CPSC 335
Assignment 1: Extendible Hashing
Due: Friday, February 5th, 2016, 9:00 am via D2L
Introduction
The purpose of this assignment is to investigate the dynamic hashing algorithm. A hash table uses a hash function to map keys to table addresses. If the keys are character string identifiers, then there is a very large number of possible keys, much greater than the size of a hash table. The hash function maps the large number of possible strings into table addresses. A good hash function spreads out the entries in the table, avoiding collision (keys mapping to the same table address) as much as possible. When the entries are spread out, the hash function can be used to quickly enter and find keys in the table, in about O(1) time. The dynamic (extendible) hashing allows increasing or decreasing the size of the file dynamically, allocating only requires space for hash table. The method is described in detail in your course Drozdek textbook.
Program
Write a program in Java that implements an extendible hash symbol table. You are free to choose any hash function that you like, that returns the bitmask of the size of 32 bits for each word hashed (the bitmask will not be unique). Your program should do the following:
1. Take the following three parameters from the command line: the name of the file to take the keys from file_name, the number of keys to hash number_keys and the size of the bucket bucket_size. The program should be named as1. The keys represented as words, for this assignment you can assume that the size of the word is limited by 20 characters.
2. A file containing over 10000 English words used by the gnu ispell program is posted on the Course web site. You can use this file to test your program. The second smaller data set from the Horowitz book is also provided. You can use it for debugging.
3. Read keys from the file file_name sequentially. Enter each of the keys into the extendible hash table. Start with the table containing one key only, hash a word into the 32 bitmask (32 bits), place it in the first bucket, and continue hashing keys into this bucket until it is full. When the bucket becomes full, split it by two (following the rules described in the textbook) and create a second reference from the hash table onto the new bucket. Grow your data structure until the number of keys identified by the user: number_keys is reached.
4. Each bucket should be exactly 128 bytes, and can store variable number of words (stored character by character) depending on the word length. One of the ways to index words inside the bucket is to store
length_of_the_word1, word1, length_of_the_word2, word 2, ….

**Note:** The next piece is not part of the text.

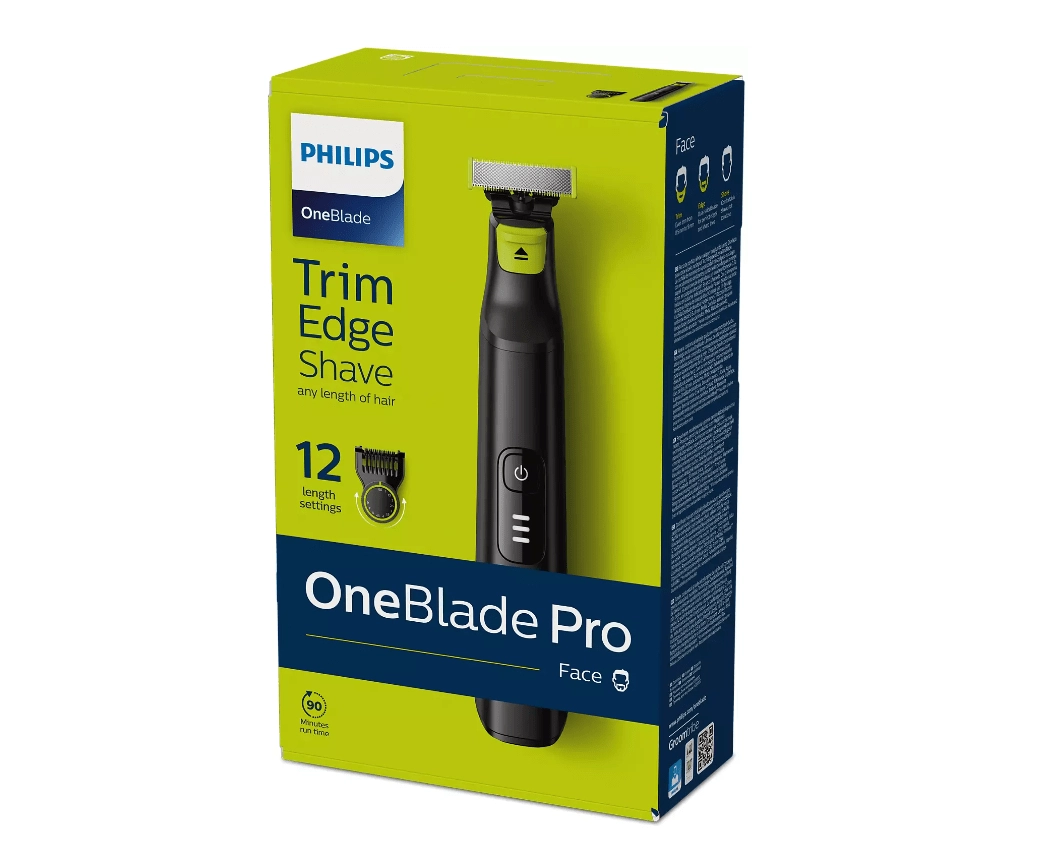 Hybridný zastrihávač Philips OneBlade na úpravu fúzov a tela zvláda zastreihávanie, tvarovanie línií aj hladké holenie chĺpkov akejkoľvek dĺžky. Vďaka britu s výkonom 200 pohybov za sekundu, klzkej povrchovej úprave a zaobleným hrotom je šetrný k pokožke a účinný aj na dlhšie fúzy. Súčasťou je presný hrebeň s 12 dĺžkami (0,5–9 mm) pre perfektné strnisko aj dlhšiu bradu, obojstranná čepeľ pre precízne línie a možnosť suchého aj mokrého použitia. Rýchle nabíjanie 1 hodinu zaistí až 90 minút bezdrôtovej prevádzky.

You can then perform sequential search within a bucket to find a specific word.
5. You must create an index within the bucket and performing binary search for a word in it to optimize processing
6. Re-read the set of keys of the specified size from the file, and look up each one in the hash table. Compute and print the average number of comparisons required to look up a key in the input file.
Written Report
Written report is an essential part of your assignment. Type and submit an electronic report (1-2 pages) following submission instructions posted on the web site that includes the following:
1. A brief description of your hash function to hash a word into 32 bitmask and justification of your choice (1 paragraph).

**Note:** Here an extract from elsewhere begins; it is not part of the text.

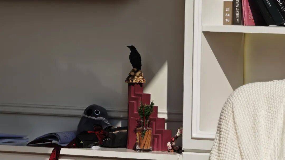 卧室床边的书架上,除了书,还摆有乌鸦以及乌鸦玩偶(男主秦彻身边常伴一只名为梅菲斯特的乌鸦);

2. A brief description of your indexing method (within a bucket) and justification of your choice (1-2 paragraphs).
3. The average number of probes (obtained by experiments) required to look up keys in the large data file (words.txt) provided on the Course web site.
4. Analysis (theoretical) of how changing the bucket size would influence the number of probes required to look up keys and influence efficiency of hashing.
Hand in
Submit your source code and the electronic report according to your TA instructions. Read course late assignment policy in the Course Outline.
Marking
Assignment grades will be based on the two submitted components as described in the marking sheet. Source code that does not compile or produces run-time errors will receive maximum 3 points. Code that produces incorrect output will receive a maximum grade of 5 points.
Collaboration
The assignment must be done individually so everything that you hand in must be your original work, except for the code copied from the text. When someone else's code is used, you must acknowledge the source explicitly. Copying another student's work is an academic misconduct. Contact your TA if you have problems getting your code to work.